━━━ Information supplied

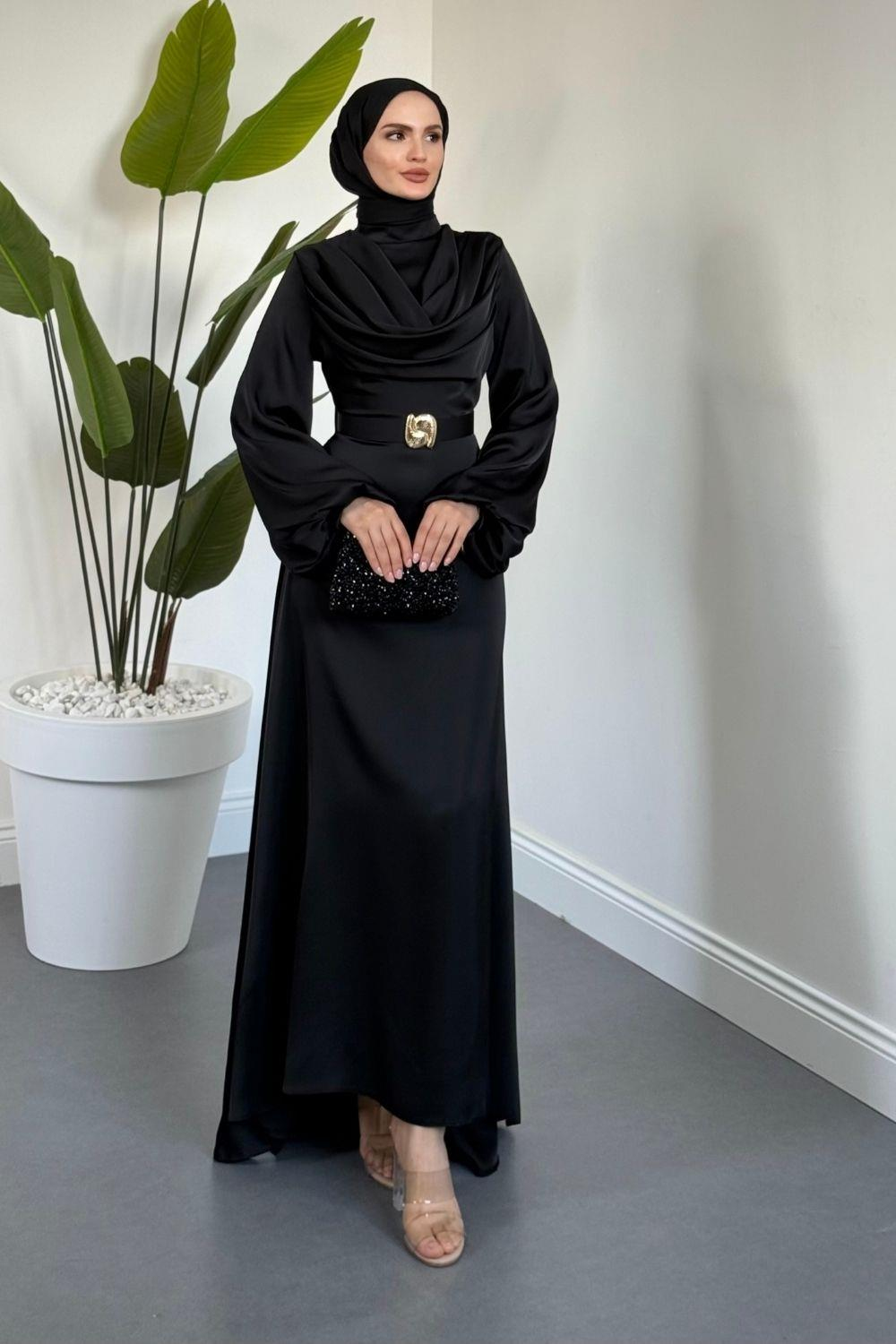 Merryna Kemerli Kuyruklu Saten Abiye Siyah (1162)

━━━━━━
━━━ Information supplied

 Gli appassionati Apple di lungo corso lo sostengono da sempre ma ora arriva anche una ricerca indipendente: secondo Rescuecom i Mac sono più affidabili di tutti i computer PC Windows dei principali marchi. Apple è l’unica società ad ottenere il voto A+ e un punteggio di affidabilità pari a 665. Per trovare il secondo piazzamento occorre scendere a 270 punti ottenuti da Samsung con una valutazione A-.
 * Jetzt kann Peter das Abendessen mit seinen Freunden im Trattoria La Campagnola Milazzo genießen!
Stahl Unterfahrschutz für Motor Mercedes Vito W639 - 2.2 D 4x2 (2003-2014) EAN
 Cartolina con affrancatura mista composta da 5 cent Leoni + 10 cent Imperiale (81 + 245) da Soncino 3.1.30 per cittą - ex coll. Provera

━━━━━━

> _Goal of the exercise_: Using the entries above, extract exactly the span from the line with "Stahl Unterfahrschutz für" to the line with "Cartolina con affrancatura", both lines included; leave out everything else.

> _Result_:
Stahl Unterfahrschutz für Motor Mercedes Vito W639 - 2.2 D 4x2 (2003-2014) EAN
 Cartolina con affrancatura mista composta da 5 cent Leoni + 10 cent Imperiale (81 + 245) da Soncino 3.1.30 per cittą - ex coll. Provera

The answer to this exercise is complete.